Наконец дверь корпуса открылась, и я увидела Леночку, медленно спускавшуюся по лестнице. Вид у нее был изможденный и уставший, точно за это время она полностью утратила все свои силы. Девушка, как ни странно, пристально взглянула в мою сторону и направилась к той самой лавочке, на которой я сидела. Я даже не успела удивиться такому повороту событий, как Лена, остановившись напротив меня, спросила измученным голосом:
— Кто вы и зачем за мной следите? Что вам от меня нужно? Не делайте вид, что случайно здесь оказались. Я видела, как вы выходили из училища, а потом шли за мной в церковь и к корпусу. Глупо отпираться, рассказывайте начистоту!
Отлично, решила действовать напрямую и выложила все свои козыри. Что ж, хочешь начистоту — пожалуйста. Твой выбор.
— Частный детектив, Татьяна Иванова. — Я вытащила свое удостоверение и помахала перед Леночкой. — Вам тоже отпираться бесполезно, я все знаю про вас и Вольдемара Огородникова, а также о вашей связи с Садальским, а заодно и с Гихоренко и другими художниками. Кроме того, мне известно, что вы похитили картину Вольдемара Огородникова, которая называется «Богиня огня». У меня имеются все доказательства и улики. Единственное, что вы можете сделать, дабы облегчить свое положение, так это рассказать мне, зачем вы украли работу и где она находится. Как вы наверняка знаете, чистосердечное признание облегчает вину. Итак, будем рассказывать? Или вызывать оперативную группу?

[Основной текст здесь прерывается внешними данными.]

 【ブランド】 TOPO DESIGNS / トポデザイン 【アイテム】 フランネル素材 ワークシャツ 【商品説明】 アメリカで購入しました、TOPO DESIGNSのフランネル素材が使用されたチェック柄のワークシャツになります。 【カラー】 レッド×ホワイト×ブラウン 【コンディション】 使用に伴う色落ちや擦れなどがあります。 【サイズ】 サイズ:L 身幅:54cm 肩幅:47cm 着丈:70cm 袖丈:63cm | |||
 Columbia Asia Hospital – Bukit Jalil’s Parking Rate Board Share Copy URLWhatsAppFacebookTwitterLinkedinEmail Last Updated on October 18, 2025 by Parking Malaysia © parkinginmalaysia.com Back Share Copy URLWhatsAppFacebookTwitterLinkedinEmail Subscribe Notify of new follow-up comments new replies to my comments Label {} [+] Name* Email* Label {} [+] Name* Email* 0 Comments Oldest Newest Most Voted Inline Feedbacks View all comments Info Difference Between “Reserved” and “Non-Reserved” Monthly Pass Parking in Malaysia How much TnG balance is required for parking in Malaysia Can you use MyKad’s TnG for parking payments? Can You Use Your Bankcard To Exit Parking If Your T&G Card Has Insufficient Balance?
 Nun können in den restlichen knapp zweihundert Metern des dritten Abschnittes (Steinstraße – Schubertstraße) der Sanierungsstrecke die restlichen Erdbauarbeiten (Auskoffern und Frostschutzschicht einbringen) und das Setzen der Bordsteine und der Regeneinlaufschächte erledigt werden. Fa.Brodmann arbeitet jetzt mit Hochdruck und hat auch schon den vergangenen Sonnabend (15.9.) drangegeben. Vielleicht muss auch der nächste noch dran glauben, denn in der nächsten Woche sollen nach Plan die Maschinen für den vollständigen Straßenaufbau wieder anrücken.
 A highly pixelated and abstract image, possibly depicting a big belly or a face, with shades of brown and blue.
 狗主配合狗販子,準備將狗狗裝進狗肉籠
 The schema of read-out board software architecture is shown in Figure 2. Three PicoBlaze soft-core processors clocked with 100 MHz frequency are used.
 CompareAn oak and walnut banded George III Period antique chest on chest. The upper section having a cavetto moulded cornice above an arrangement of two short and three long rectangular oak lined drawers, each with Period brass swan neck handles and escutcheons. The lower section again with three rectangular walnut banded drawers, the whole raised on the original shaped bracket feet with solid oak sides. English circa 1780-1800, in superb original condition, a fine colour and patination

На лице Леночки не промелькнуло ни удивления, ни испуга. Она лишь медленно покачала головой и проговорила таким же усталым голосом:
— Вызывайте кого хотите. Хоть оперативников, хоть снайперов, хоть террористов. Нет у вас никаких улик и доказательств — картина мне не нужна и красть ее я не крала.

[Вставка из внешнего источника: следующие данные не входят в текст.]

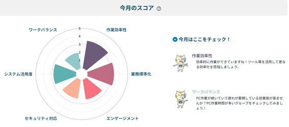 PC作業の可視化だけではなく、従業員ごとの業務負荷や周囲とのコミュニケーション度を総合的に見て従業員の働き方の満足度を定量的に可視化します。人的なリソースが重要視される中、プライベート時間をしっかり確保できているか、業務負荷でオーバーワークになっていないか把握することで長く働き続ける職場を実現できます。
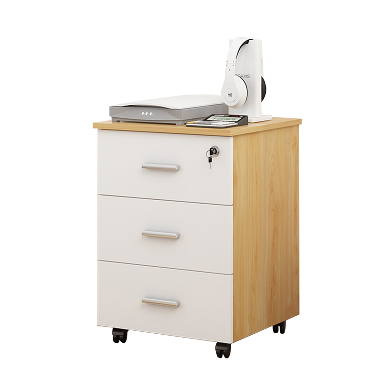 Staff desk table movable side cabinet drag drawer cabinet with lock plate file data storage cabinet three layers
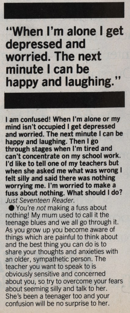 Jackie and Just Seventeen may have helped young people of the 1970s-1990s navigate their feelings and promote self-regulation through validating readers’ emotions in addition to helping re-direct intense feelings in a healthy way.
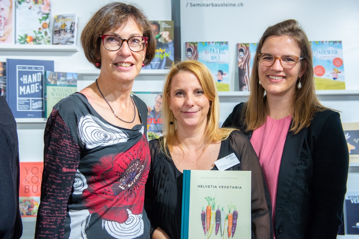 v.l.n.r. Brigitte Bosshard Bordoni, AT Verlag, Myriam Lang, SBVV und Anne-Cathérine Schürmann, AT Verlag.
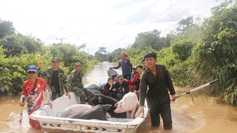 Soldiers and local residents on Wednesday move animals to safety in Phonhong district, Vientiane province, after heavy rain caused rivers to overflow their banks and cause flooding in the area.
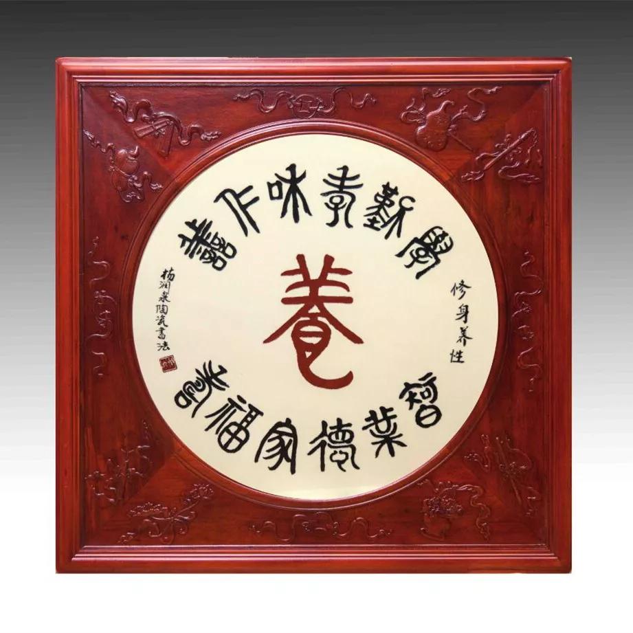 黄彩色釉书法《养》圆瓷板(直径56cm)
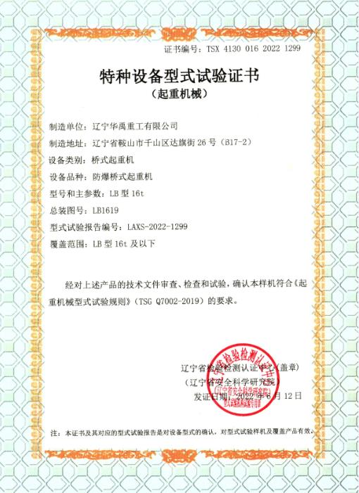 LDP電動單梁型式試驗合格證
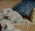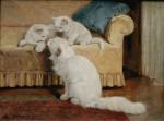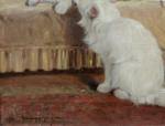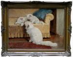 Lovely cats painting by good listed Hungarian genre and animal painter Gabrielle (Gabriella) Rainer-Istvanffy, she was born 1877 in Budapest, Hungary. The artist´s speciality was pets, whom she painted with great devotion.
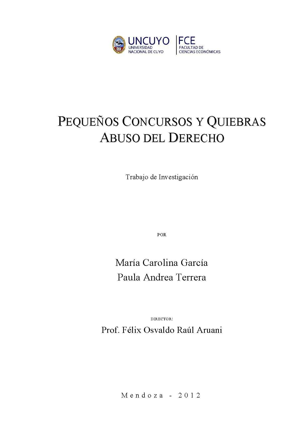 García, María Carolina; Terrera, Paula Andrea. (2012). Pequeños concursos y quiebras: abuso del derecho (Tesina de grado). Mendoza, Universidad Nacional de Cuyo. Facultad de Ciencias Económicas.
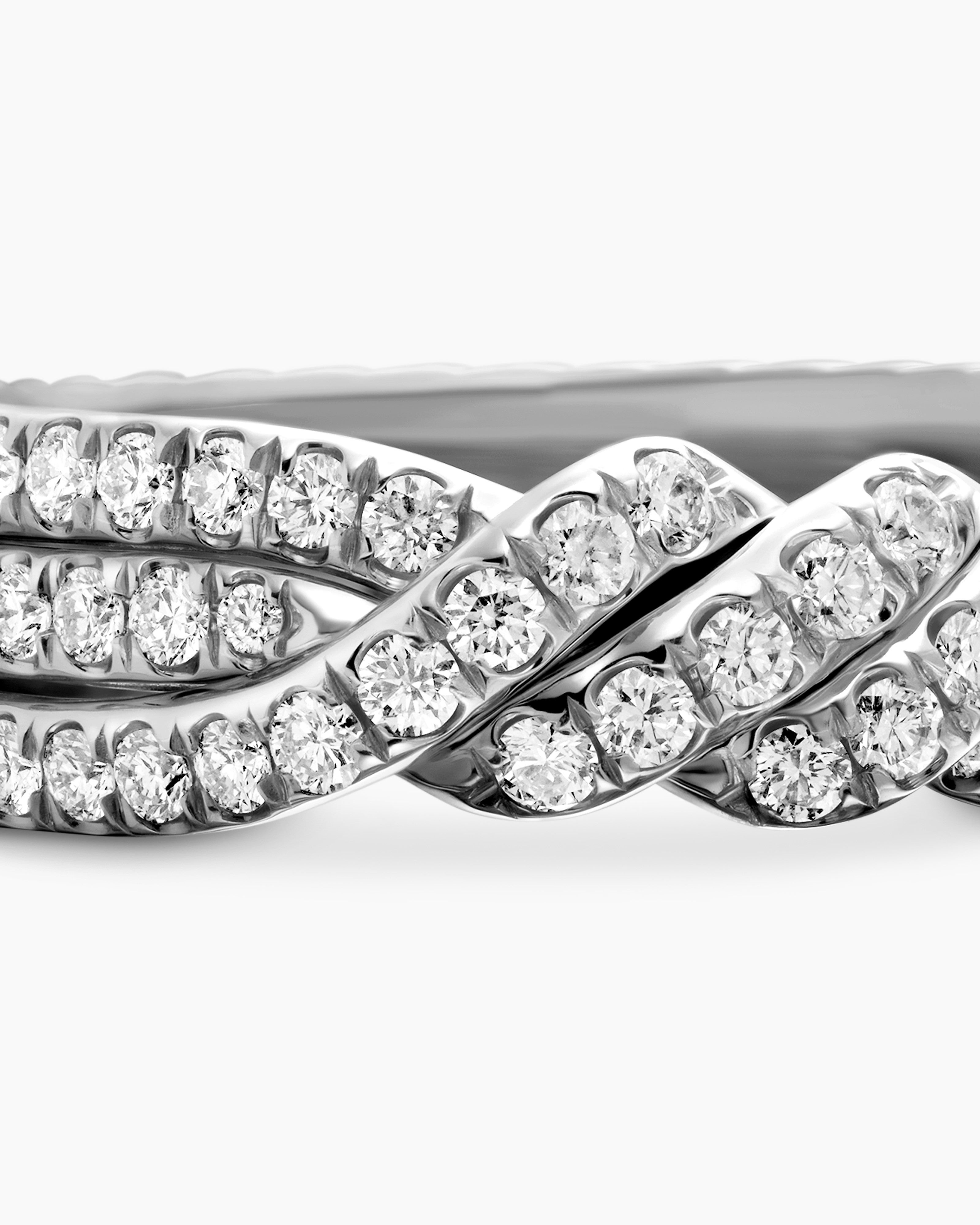- Pavé-set diamonds, total carat weight ranges from 0.66 to 0.72 (dependent on size)
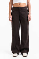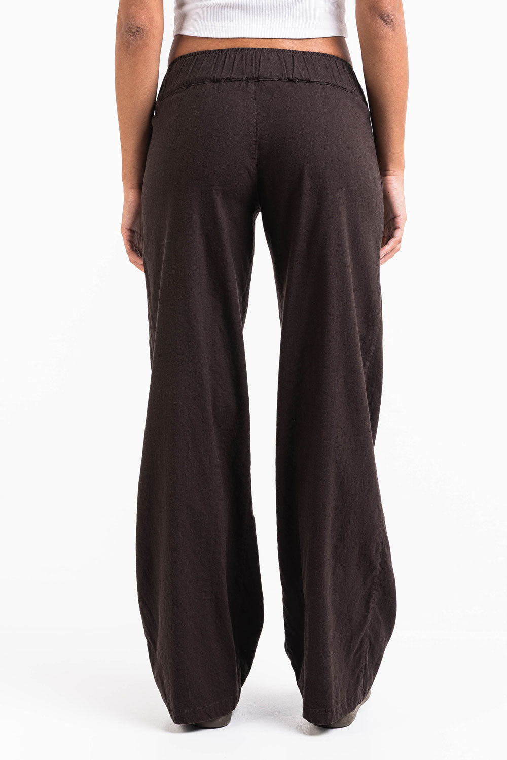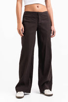 Mabel 03Low LinStretch Straight Linen Pants - Brown
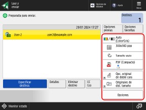 Puede pulsar [Opciones previas] para recuperar las opciones utilizadas para enviar datos escaneados anteriormente. También se aplica el destino de envío junto con la configuración recuperada.

— Но связи с художниками вы отрицать не станете? — предпочла я не давать Леночке повода почувствовать себя хозяйкой положения. — Вы используете состоятельных живописцев, живете за их счет, временами подрабатываете моделью для студентов. Богатенькие художники на все готовы, только бы вы были с ними, а вы нагло пользуетесь своей внешностью и разрушаете чужие семьи! Этого-то вы отрицать не будете?
— Нет, не буду, — безразлично пожала плечами девушка, по-прежнему стоя напротив меня. — А разве является преступлением любовный роман между мужчиной и женщиной? Спят они со мной не под дулом пистолета, я никого не заставляю! И проституцией не занимаюсь, можете проверить по своим базам! Если, конечно, вы та, за кого себя выдаете!
— Я вас не обманываю, — спокойно заявила я. — И все же, объясните: почему именно художники? Почему вы не совращаете бизнесменов, политиков? Мне кажется, найти богатого живописца — задача весьма непростая. У вас что, страсть к художникам, что ли?
Леночка не отвечала. Она села на лавочку рядом со мной, достала сигарету и элегантно закурила. По-прежнему не говоря ни слова, девушка уставилась на выпускаемый ею дым, словно разглядела в нем что-то чрезвычайно интересное, заставившее ее позабыть и обо мне, и о моих вопросах. Я посмотрела на лицо Леночки. Из больших, широко раскрытых глаз внезапно робко выкатились две слезинки и упали на воротник пальто. Девушка словно не заметила этого, не вытерла слезы рукой, не достала платка. Просто сидела молча и курила.
— Лена… — тихо проговорила я. — Скажите, в шестнадцатом отделении… Там кто-то из ваших родственников, да? Вы к нему ездили?